What matters more than anything else on spending is demographic pressure. Here independence matters, as Scotland’s demographics are forecast to be more worrying that the UK. The key age dependency ratio which drives demand and affordability not just for old age pensions but other age related services like health would, over the first half century of independence, be worse than the UK’s, with consequences for the overall fiscal position of the new state, set out by IFS and others. Within the UK these pressures still have to be met but would be absorbed in the wider tax and economic base.
What does this tell us?
The one thing this tells us for sure is that if the First Minister says that independence will cost Scotland an additional £200 million, he is talking through his hat. Annual costs from necessary institutions can easily be estimated as between an additional £1 and £2 billion a year. Demographic pressures and interest costs are more significant. The UK deficit is admittedly still worryingly large. But even on today’s levels of spending, Scotland would set out with a deficit of about £5 billion a year more, i.e. 10% of Scottish tax revenue. So additional costs, particularly given the interest cost of financing such a deficit, would clearly require Scotland to make a substantial ‘fiscal adjustment’, that is raise taxes or cut spending. Neither milk nor honey is on the menu.

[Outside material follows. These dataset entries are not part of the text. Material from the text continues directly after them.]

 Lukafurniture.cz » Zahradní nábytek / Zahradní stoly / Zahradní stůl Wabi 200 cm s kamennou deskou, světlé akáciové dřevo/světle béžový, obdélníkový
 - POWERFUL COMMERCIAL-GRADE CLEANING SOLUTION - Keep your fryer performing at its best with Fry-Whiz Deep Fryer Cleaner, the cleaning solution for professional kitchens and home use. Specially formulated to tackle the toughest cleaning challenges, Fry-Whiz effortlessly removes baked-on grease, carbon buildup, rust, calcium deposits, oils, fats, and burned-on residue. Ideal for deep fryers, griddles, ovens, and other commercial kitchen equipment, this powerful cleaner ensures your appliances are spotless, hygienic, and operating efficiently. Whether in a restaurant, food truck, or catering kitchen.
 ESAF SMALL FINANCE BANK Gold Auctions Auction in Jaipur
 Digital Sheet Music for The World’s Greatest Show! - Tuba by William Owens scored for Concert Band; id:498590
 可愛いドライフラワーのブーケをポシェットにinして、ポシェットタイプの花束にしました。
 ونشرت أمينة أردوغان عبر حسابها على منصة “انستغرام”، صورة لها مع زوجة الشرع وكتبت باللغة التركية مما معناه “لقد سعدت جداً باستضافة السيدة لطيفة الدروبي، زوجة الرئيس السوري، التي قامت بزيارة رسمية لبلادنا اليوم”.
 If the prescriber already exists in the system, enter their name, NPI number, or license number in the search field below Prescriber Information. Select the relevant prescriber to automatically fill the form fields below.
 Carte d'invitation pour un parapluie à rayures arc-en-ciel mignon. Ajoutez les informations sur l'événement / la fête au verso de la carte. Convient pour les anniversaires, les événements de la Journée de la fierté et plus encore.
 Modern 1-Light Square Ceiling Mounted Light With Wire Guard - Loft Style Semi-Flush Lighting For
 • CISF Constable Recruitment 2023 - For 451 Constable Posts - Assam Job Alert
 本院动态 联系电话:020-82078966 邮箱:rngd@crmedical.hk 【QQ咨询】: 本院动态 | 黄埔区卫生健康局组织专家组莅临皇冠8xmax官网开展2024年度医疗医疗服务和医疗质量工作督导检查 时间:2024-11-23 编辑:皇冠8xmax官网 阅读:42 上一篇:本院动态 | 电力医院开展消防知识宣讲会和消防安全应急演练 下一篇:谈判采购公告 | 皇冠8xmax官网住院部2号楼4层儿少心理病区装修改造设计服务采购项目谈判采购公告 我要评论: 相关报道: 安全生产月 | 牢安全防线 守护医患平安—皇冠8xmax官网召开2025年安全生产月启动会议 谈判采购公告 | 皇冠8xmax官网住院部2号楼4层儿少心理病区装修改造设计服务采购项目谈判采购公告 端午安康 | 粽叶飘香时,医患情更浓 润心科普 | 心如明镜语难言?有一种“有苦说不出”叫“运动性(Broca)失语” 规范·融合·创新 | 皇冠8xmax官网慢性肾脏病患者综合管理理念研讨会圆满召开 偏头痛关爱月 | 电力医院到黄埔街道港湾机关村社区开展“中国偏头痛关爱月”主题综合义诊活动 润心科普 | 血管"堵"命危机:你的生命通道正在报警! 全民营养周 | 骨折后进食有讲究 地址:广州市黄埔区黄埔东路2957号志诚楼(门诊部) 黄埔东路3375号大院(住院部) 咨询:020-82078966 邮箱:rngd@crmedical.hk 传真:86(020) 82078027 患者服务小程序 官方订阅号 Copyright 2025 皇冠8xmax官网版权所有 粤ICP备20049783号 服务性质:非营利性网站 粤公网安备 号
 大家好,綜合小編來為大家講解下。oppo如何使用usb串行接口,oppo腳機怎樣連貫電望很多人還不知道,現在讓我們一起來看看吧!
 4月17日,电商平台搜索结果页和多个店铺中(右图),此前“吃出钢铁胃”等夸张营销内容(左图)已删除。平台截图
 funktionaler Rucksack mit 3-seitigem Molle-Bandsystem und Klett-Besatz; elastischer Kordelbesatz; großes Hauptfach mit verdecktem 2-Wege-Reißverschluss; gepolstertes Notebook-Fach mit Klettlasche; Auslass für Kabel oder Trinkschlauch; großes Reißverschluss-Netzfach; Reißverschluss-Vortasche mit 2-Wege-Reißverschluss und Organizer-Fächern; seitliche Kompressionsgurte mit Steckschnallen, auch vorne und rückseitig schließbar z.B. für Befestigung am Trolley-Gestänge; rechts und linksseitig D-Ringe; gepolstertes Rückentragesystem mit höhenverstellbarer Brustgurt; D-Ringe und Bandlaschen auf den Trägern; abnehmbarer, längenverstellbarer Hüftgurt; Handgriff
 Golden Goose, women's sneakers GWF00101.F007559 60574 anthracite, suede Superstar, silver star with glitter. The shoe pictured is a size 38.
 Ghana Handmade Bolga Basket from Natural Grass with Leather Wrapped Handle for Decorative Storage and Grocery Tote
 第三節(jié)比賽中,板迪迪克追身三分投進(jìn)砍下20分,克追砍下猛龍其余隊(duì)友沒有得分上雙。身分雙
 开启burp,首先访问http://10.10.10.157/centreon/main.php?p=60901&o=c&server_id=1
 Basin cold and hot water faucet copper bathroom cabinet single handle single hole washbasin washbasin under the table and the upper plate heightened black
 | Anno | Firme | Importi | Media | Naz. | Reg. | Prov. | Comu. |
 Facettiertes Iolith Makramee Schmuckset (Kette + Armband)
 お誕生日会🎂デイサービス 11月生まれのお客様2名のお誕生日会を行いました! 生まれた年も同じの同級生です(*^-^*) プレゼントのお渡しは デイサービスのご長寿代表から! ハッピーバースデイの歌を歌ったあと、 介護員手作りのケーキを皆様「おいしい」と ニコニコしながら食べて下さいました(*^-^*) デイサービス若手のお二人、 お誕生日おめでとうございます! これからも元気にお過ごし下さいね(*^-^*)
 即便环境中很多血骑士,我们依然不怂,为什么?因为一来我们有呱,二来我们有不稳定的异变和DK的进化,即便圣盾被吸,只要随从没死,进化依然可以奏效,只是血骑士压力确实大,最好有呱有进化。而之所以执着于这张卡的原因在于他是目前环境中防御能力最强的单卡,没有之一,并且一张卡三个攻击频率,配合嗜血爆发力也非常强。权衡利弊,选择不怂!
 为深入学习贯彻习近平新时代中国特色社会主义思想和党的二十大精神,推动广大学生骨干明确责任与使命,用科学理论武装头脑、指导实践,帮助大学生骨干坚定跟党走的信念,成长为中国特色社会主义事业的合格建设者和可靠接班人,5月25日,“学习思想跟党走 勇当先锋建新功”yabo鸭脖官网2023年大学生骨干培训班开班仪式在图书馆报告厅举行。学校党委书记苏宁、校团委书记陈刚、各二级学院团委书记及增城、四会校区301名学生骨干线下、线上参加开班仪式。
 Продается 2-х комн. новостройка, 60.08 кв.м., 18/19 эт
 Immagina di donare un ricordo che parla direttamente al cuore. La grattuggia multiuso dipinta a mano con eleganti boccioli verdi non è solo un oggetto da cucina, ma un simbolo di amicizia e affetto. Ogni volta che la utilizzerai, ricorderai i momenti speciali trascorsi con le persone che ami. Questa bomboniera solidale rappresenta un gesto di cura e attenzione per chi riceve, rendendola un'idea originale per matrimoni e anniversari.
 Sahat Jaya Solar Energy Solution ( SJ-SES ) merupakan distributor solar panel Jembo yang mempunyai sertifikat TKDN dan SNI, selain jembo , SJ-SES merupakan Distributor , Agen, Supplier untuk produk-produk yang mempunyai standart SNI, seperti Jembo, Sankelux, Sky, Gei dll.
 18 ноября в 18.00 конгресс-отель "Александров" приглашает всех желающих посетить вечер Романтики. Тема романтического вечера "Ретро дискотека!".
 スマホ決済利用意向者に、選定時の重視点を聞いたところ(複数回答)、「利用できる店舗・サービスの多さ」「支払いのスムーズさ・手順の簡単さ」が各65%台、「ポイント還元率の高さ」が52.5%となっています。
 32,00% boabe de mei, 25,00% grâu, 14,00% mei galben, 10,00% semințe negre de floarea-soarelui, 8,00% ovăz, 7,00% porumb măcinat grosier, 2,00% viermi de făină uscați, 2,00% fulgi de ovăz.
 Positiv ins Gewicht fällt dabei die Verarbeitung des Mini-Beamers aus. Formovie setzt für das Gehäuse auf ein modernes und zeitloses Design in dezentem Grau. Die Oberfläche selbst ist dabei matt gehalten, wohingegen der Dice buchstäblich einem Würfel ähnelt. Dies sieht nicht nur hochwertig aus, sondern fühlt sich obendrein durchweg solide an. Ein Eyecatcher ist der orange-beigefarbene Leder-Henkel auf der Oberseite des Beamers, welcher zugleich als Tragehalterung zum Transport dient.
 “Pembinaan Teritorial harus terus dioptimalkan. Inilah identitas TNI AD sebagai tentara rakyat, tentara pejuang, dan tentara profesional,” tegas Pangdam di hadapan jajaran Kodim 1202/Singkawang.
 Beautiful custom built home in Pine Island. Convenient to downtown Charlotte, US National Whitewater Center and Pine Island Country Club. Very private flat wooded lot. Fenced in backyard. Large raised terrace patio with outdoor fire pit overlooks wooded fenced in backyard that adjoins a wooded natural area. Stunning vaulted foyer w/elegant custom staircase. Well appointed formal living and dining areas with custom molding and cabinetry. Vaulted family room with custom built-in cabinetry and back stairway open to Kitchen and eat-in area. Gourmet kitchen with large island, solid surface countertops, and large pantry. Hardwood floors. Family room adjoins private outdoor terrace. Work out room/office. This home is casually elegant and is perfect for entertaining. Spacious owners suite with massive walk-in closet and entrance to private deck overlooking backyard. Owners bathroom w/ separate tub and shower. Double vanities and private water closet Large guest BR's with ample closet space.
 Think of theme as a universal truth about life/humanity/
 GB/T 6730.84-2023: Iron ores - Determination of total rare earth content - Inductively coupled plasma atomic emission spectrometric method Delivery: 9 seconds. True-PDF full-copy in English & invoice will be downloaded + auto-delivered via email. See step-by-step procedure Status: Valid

Jim Gallagher is Gwilym Gibbon research fellow at Nuffield College, Oxford, and visiting professor of government at Glasgow University. He advises the Better Together campaign.
*This article was initially submitted to Patrick Dunleavy’s British Politics and Policy blog but was not posted.
I agree diseconomies of scale are conceivable, and that some departments of Government may be simply too big to manage well – the NHS, say? But for transactional process like tax collection all the logic points to scale economies. And this is bolstered by the only estimates in circulation (ICAS and the Scottish government’s own) suggesting that’s how the numbers look.
What won’t do is to enter into planning for independence on the basis that somehow (because they are now Scottish?) these things will turn out to be cheap to run. I’d have a deal more respect for the position of Mr Salmond and those who support him if they acknowledged that and said “but it’s worth it for self determination”.
“No one has done the work to make any detailed estimate of the fixed and variable costs of each organisation. But it’s easy enough to make plausible estimates”. I think the economies-of-scale argument is plausible only up to a point, and is no substitute for evidence, perhaps from comparable large and small systems (nor is some speculative arithmetic from very clever people). What seems equally plausible is that large organisations (in this case, the one in charge of gathering the money) become inefficient and, at times, dysfunctional – producing diseconomies of scale. Certainly, in my formative years, studying large UK government departments, I rarely came across the argument that they were efficiently large.